Reusing a connection while polling a database in JDBC? - java

Have a use case wherein need to maintain a connection open to a database open to execute queries periodically.
Is it advisable to close connection after executing the query and then reopen it after the period interval (10 minutes). I would guess no since opening a connection to database is expensive.
Is connection pooling the alternative and keep using the connections?

You should use connection pooling. Write your application code to request a connection from the pool, use the connection, then return the connection back to the pool. This keeps your code clean. Then you rely on the pool implementation to determine the most efficient way to manage the connections (for example, keeping them open vs closing them).
Generally it is "expensive" to open a connection, typically due to the overhead of setting up a TCP/IP connection, authentication, etc. However, it can also be expensive to keep a connection open "too long", because the database (probably) has reserved resources (like memory) for use by the connection. So keeping a connection open can tie-up those resources.
You don't want to pollute your application code managing these types of efficiency trade-offs, so use a connection pool.

Yes, connection pooling is the alternative. Open the connection each time (as far as your code is concerned) and close it as quickly as you can. The connection pool will handle the physical connection in an appropriately efficient manner (including any keepalives required, occasional "liveness" tests etc).
I don't know what the current state of the art is, but I used c3p0 very successfully for my last Java project involving JDBC (quite a while ago).

The answer here really depends on the application. If there are other connections being used simultaneously for the same database from the same application, then a pool is definitely your answer.
If all your application does is query the db, wait 10 minutes, then query again, then simply connect and reconnect. A connection is considered to be an expensive operation, but all things are relative. It is not expensive if you do it only once every 10 minutes. If the application is this simple, don't introduce unnecessary complexity.
NOTE:
OK, complexity is also relative, so if are already using something like Spring and already know how to use its pooling mechanism, then apply it for this case. If this is not true, keep it simple.

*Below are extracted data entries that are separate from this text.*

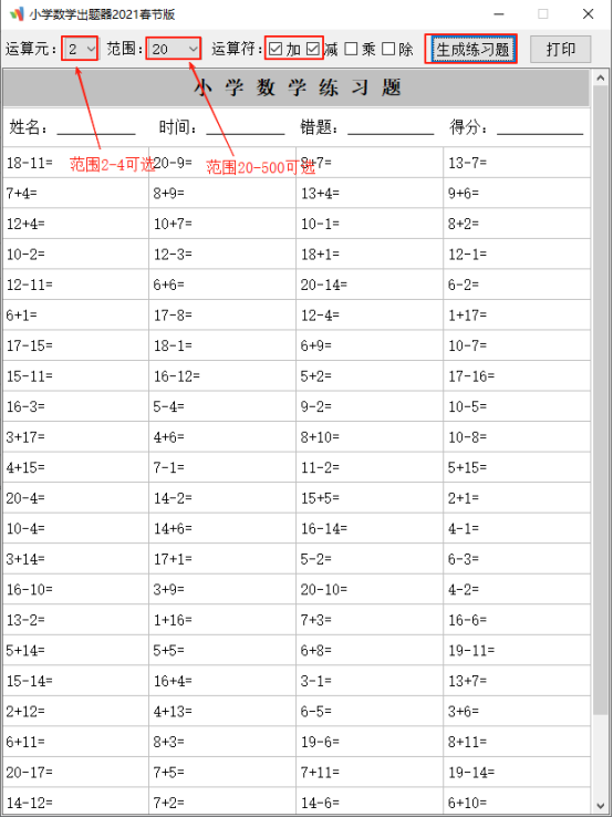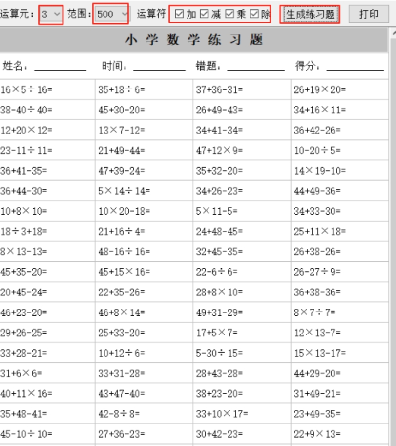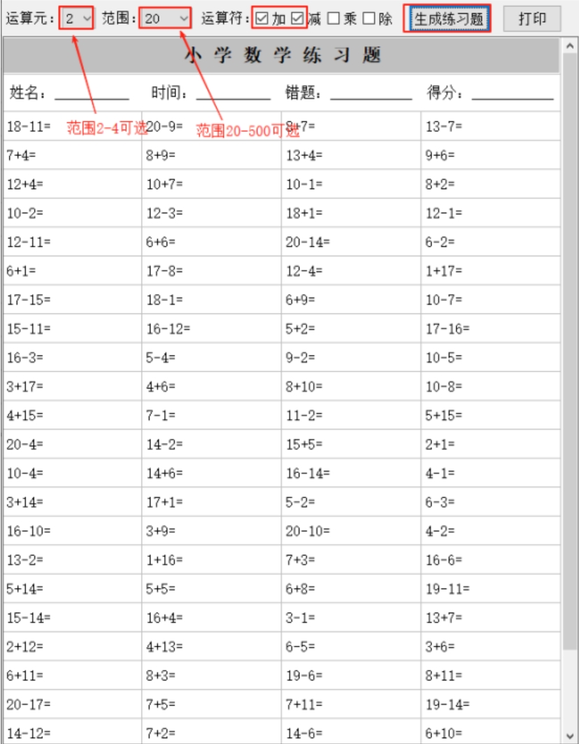 • 参数设置‌:根据教学需求,设定运算元数量及数值范围。例如,为一年级学生设置加法题目时,可限制数值不超过100。
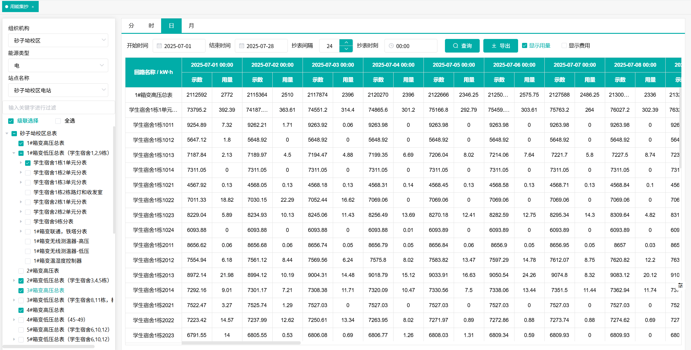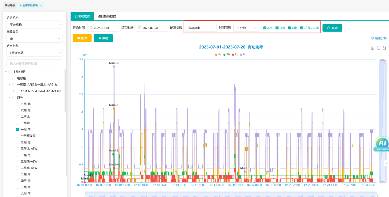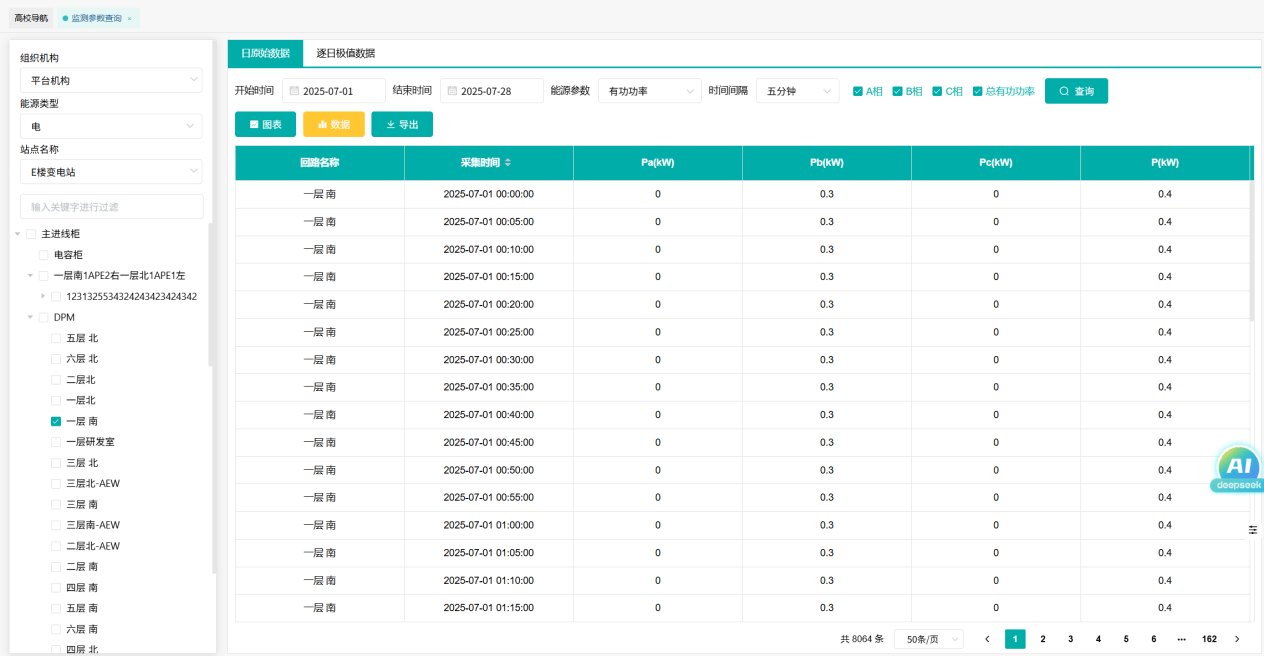 灵活响应教学节奏。支持按课表时段调取数据,查看教室空调、食堂午间用电高峰;也可按月统计寒暑假实验室待机能耗,准确识别“隐形”浪费。
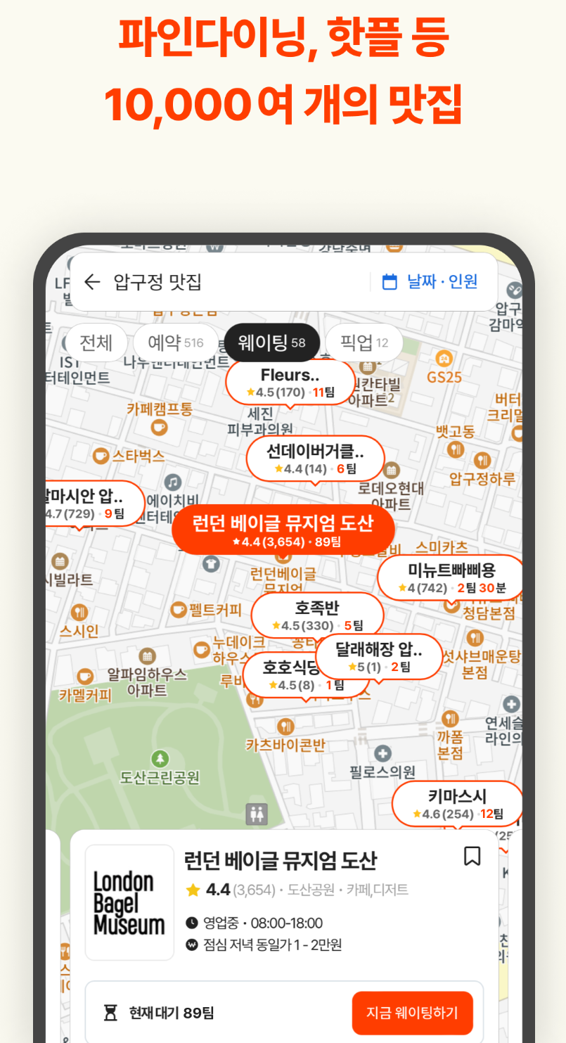 현재 웨이팅 정보가 실시간으로 업데이트되어, 대기 시간을 정확하게 알 수 있습니다.

Connection pooling would be an option for you. You can then leave your code as it is including opening and closing connections. The connection pool will care about the connections. If you close a connection of a pool it will not be closed but just be made available in the pool again. If you open a connection after you closed one if there is a open connection in the pool the pool will return this. So in an application server you can use the build-in connection pools. For simple java applications most of the JDBC drivers also include a pool driver.

There are many, many tradeoffs in opening and closing connections, keeping them open, making sure that connections that have been "kept alive" are still "valid" when you start to use them again, invalidating connections that get corrupted, etc. These kinds of complex tradeoffs make it difficult (but certainly not impossible) to implement the "best" connection management strategy for your specific case. The "safest" method is to open a connection, use it, and then close it. But, as you already realize, that is not at all the most efficient method. If you manage your own connections, then as you do things to make your strategy more efficient, the complexity will rise very quickly (especially in the presence of any less-than-perfect JDBC drivers, of which there are many.)
There are many connection pooling libraries available out there that can take care of all of this for you in extremely configurable ways (they almost always come pre-configured out-of-the-box for the most typical cases, and until you get up to the point that you're doing high-load activities, you probably don't have to worry about all that configurability - but you will be glad to have it if you scale up!) As is always the case, the libraries themselves may be of variable quality.
I have successfully used both C3P0 and Apache DBCP. If I were choosing again today, I would probably go with DBCP.

Related

Abandoned connection cleanup in mariadb (compared to mysql)?

Switching from mysql-connector to mariadb client library:
What is the equivalent of the mysql class com.mysql.cj.jdbc.AbandonedConnectionCleanupThread.checkedShutdown()?
If there is any at all?
(I'm also using hikari connection pool).

I don't believe there is an equivalent, it looks like this feature was not migrated to Maria DB. It would be more prudent to fix the connection leak in the application instead.
As explained by HikariCP pool author in this message, this feature of force closing abandoned connections has a number of problems:
Yes, we have considered it (removing abandoned connections), but ultimately we decided to pass. The problem with closing leaked connections is several fold. Some thread is possibly using that connection, and its going to blow-up (in production) somewhere if we close it. Or nothing is using that connection, and closing it has no negative impact, but now we've just covered up a leak that will cause constant cycling of connections in the pool.
Applications are responsible for cleaning up resources. Java developers tend to get lazy compared to C/C++ programmers. This is leak just like a memory leak, and both can and rightfully should eventually kill your application. How else would you 1) know a problem exist, and 2) be motivated to track it down and fix it.
We do appreciate all input, even if not adopted. In this case, users looking for a library to defensively cover-up coding errors should probably look to tomcat-jdbc.
Note, leak detection can be run in production, and can be enabled at runtime through a JMX console, so there's not a lot of justification for adding proactive connection reclamation.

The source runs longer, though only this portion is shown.